FisipUPNVJ – Fakultas Ilmu Sosial dan Ilmu Politik (FISIP) UPN Veteran Jakarta, menggelar nonton bersama dan diskusi film “Tanah Moyangku” yang diproduksi oleh Watchdoc Indonesia, Selasa (19/12/2023). Tema film dokumenter ini terkait dengan sektor agraria yang belakangan menuai banyak konflik di Indonesia.
Diskusi yang berlangsung di Laboratorium Diplomasi, FISIP, UPN Veteran Jakarta berlangsung sangat dinamis. Bukan hanya diikuti oleh kalangan mahasiswa saja, namun para dosen juga antusias dalam mengikuti jalannya diskusi film. Hadir sutradara Film “Tanah Moyangku”, Edy Purwanto yang turut memberi cerita di balik pembuatan film tersebut.
Ide film ini muncul atas dasar temuan-temuan periset asal Belanda, Ward Berenschot, juga oleh Ahmad Dhianulhaq, Afrizal dan Otto Hospes. Hasil penelitian itu terangkum dalam buku berjudul “Kehampaan Hak: Masyarakat Vs Perusahaan Sawit di Indonesia”. Selain itu, juga didukung oleh hasil riset guru besar sosiolog Universitas Andalas, Prof. Afrizal.
Konflik dalam film ini banyak memotret peristiwa yang terjadi di Sumatera dan Kalimantan. Lahan masyarakat adat tidak diakui sebagai lahan mereka, kendati tidak memiliki bukti resmi kepemilikan lahan, atau sertifikat tanah. “Konflik agraria di Indonesia sudah berlangsung sangat lama. Bahkan ketika film ini akan dirilis, konflik-konflik baru justru mencuat, seperti kasus Rempang,” terang Edy, Selasa (19/12/2023).
Pada titik itu, tim pembuat film dokumenter harus mengambil sikap untuk berani mengorbankan beberapa bagian film. “Kita juga harus pikirkan, berapa banyak durasi film ini. Jika terlalu lama atau panjang, tentu menjadi tidak menarik,” imbuhnya.
Dalam kesempatan itu, forum diskusi juga turut bertanya tentang sudut pandang pemerintah dalam film ini, pemilihan narasumber utama, dan tantangan-tantangan yang dihadapi selama proses memproduksi film. Dosen Ilmu Komunikasi FISIP, UPN Veteran Jakarta, Firdaus Noor juga menanyakan ideologi yang muncul dalam setiap film-film yang diproduksi Watchdoc.
Menurut Edy, ideologi Watchdoc akan banyak memihak kepada masyarakat tertindas, terutama mereka yang tidak mendapatkan haknya.

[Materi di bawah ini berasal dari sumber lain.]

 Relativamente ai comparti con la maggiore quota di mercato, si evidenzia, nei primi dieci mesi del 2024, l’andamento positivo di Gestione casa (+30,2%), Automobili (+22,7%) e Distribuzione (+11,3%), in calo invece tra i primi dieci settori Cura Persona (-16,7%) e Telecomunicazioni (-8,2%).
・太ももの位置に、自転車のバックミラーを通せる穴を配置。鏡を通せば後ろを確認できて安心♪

Yakni kaum marginal dalam perspektif humanity. Sehingga film tersebut diharapkan menghadirkan perubahan nyata terhadap sikap penontonnya.

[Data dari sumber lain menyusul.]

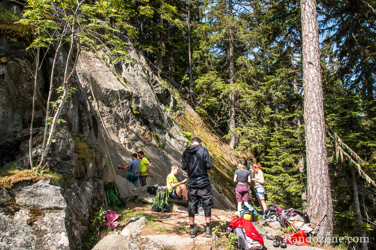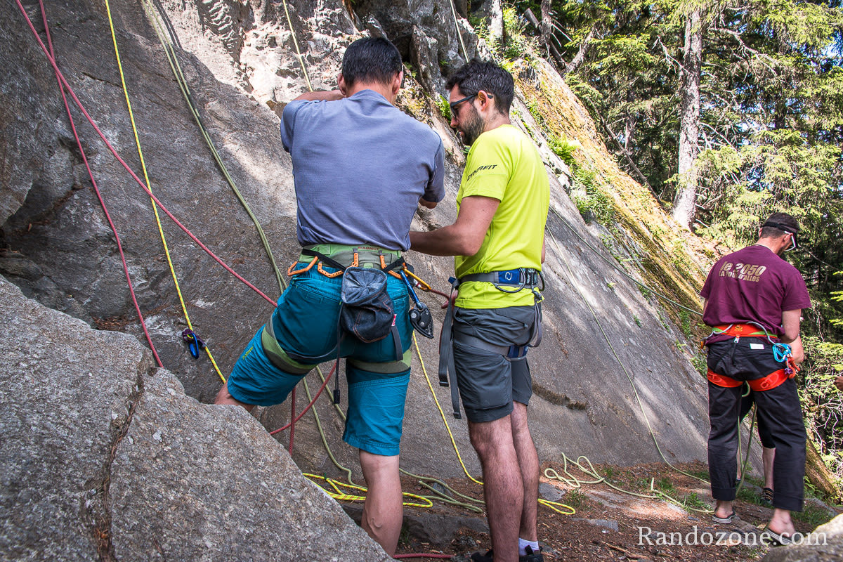 L'endroit est vraiment superbe. On domine la vallée et il n'y a que nous. Cédric Mister Good Guide installe rapidement les cordes et nous propose des chaussons et des baudriers pour qu'on s'équipe. Presque tout le monde a déjà fait de l'escalade donc on peut rapidement commencer à gravir la paroie. Je reste sur la section des débutants car je n'ai pas pratiqué depuis au moins 10 ans.

Sebagai informasi, sektor agraria adalah salah satu sektor yang sering memicu konflik di Indonesia. Konsorsium Pembaruan Agraria (KPA) mencatat, dari tahun 2015 – 2022, terjadi sedikitnya 2701 konflik agraria di berbagai daerah di Indonesia. Dari jumlah itu 1934 orang dikriminalisasi, 814 dianiaya, 78 orang tertembak, dan 69 orang di antaranya tewas. Konflik agraria ini meliputi tanah seluas hampir 6 juta hektar dan mencakup lebih dari 1,7 juta keluarga.
Jika dirunut, konflik agraria ini memiliki akar sejarah yang sangat jauh hingga era kolonial Eropa terutama saat Kerajaan Belanda menjajah Indonesia. Tahun 1870, pemerintah Kerajaan Belanda memberlakukan Agrarische Wet atau Undang-Undang Pertanahan yang salah satunya mengatur tentang Domein Verklaring atau deklarasi domain/wilayah. Artinya wilayah Indonesia yang tidak bisa dibuktikan kepemilikannya menjadi milik negara.
Sejak itulah sebagian besar tanah di Indonesia menjadi Pemerintah Belanda. Sayangnya setelah Indonesia merdeka tahun 1945, tidak dilakukan perubahan mendasar tentang aturan pertanahan ini sehingga konflik agraria terus belanjut sampai saat ini.